───── Material provided

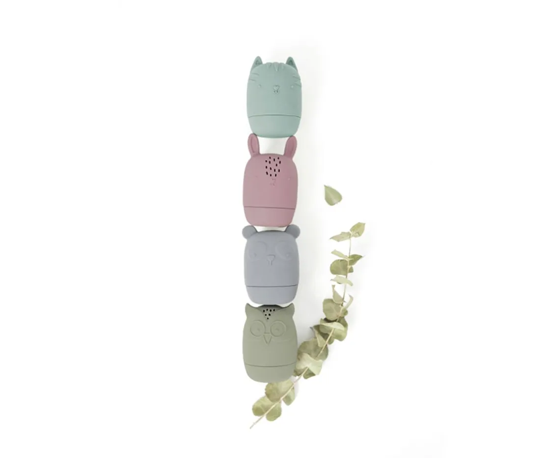 - Set de 4 juguetes baño compuesto por: un gato, un conejo, un oso panda y un búho
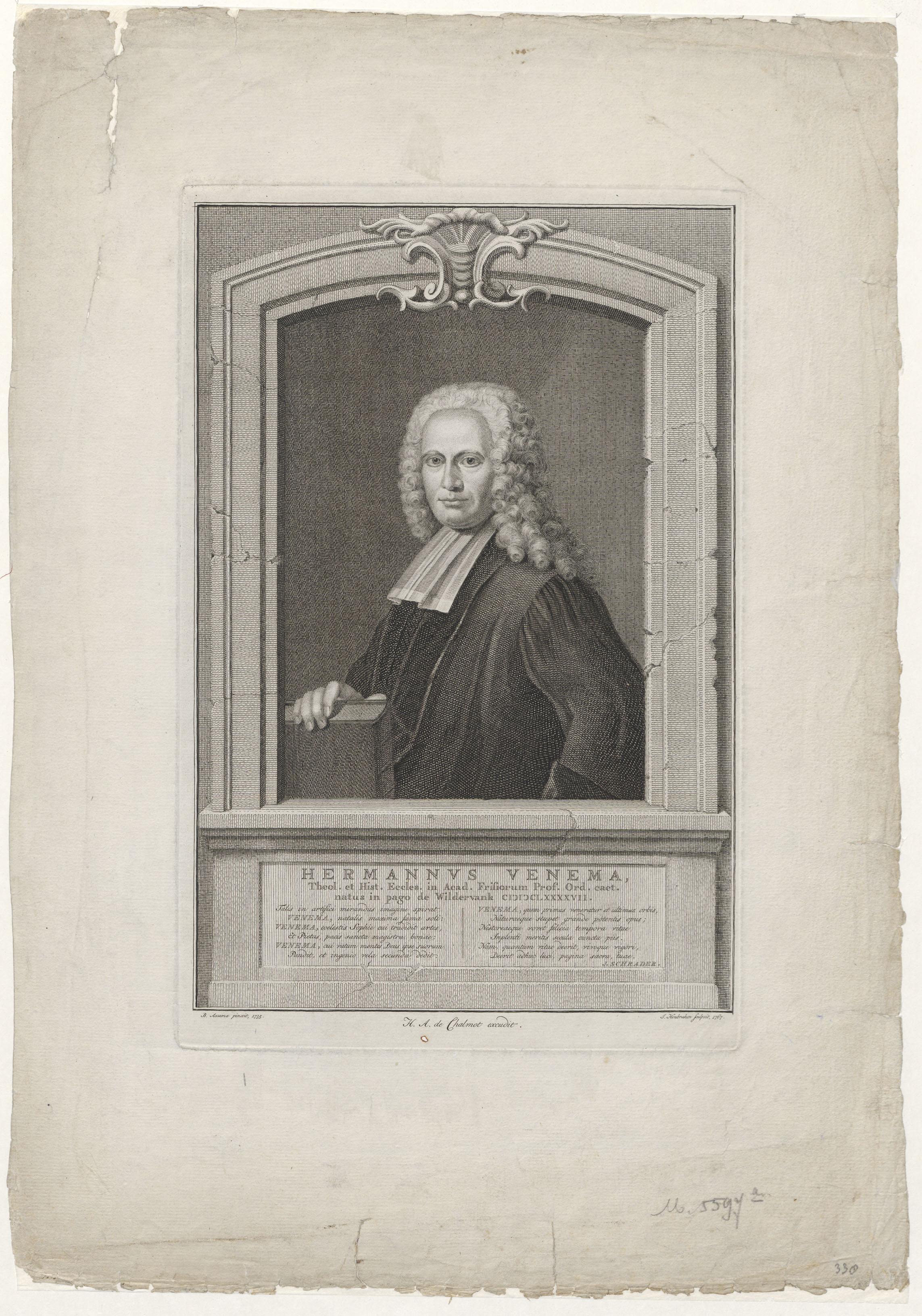 Portret van Hermannus Venema (1697-1787), hoogleraar theologie en kerkgeschiedenis Franeker
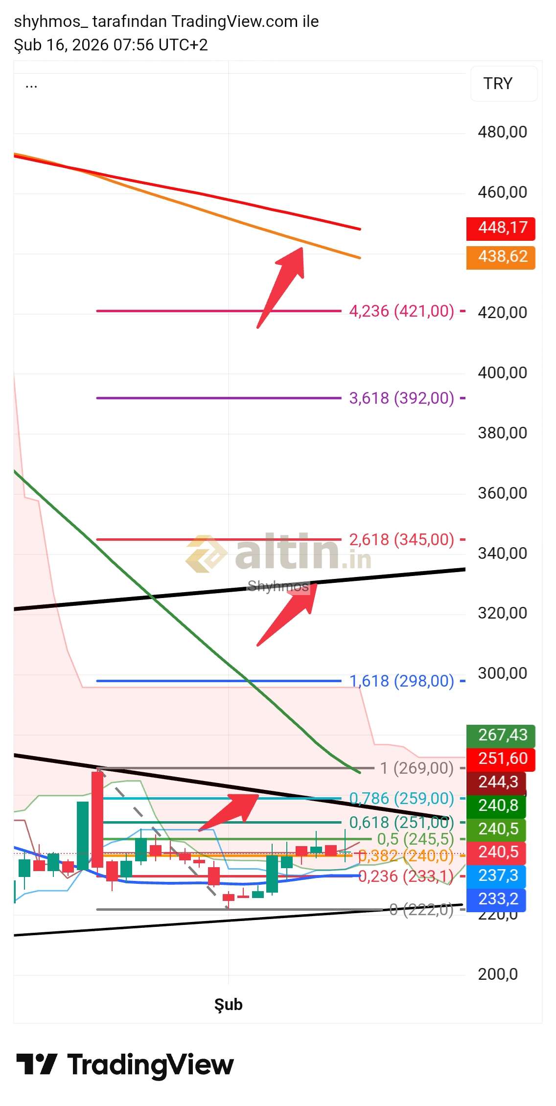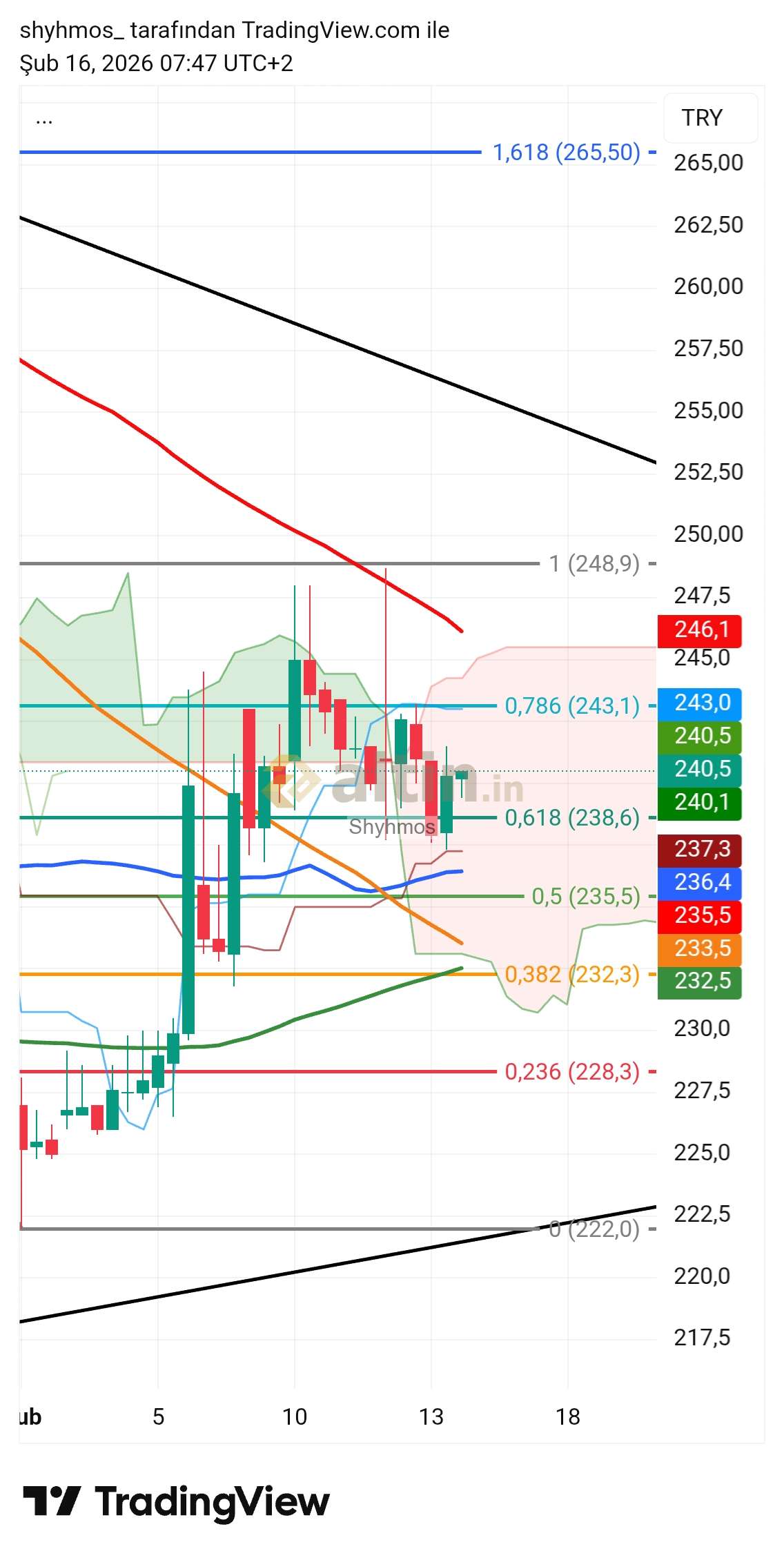 Şimdilik koma içinde kararsız bölgede ve ilk önemli 239 (altında sarmala devam) seviyesinin üstünde kalması ile geçmesi gereken ilk kademe 249.

──────────

Exact copy, pictures removed: set down the whole listing above.

## Exercise answer
 - Set de 4 juguetes baño compuesto por: un gato, un conejo, un oso panda y un búho
 Portret van Hermannus Venema (1697-1787), hoogleraar theologie en kerkgeschiedenis Franeker
 Şimdilik koma içinde kararsız bölgede ve ilk önemli 239 (altında sarmala devam) seviyesinin üstünde kalması ile geçmesi gereken ilk kademe 249.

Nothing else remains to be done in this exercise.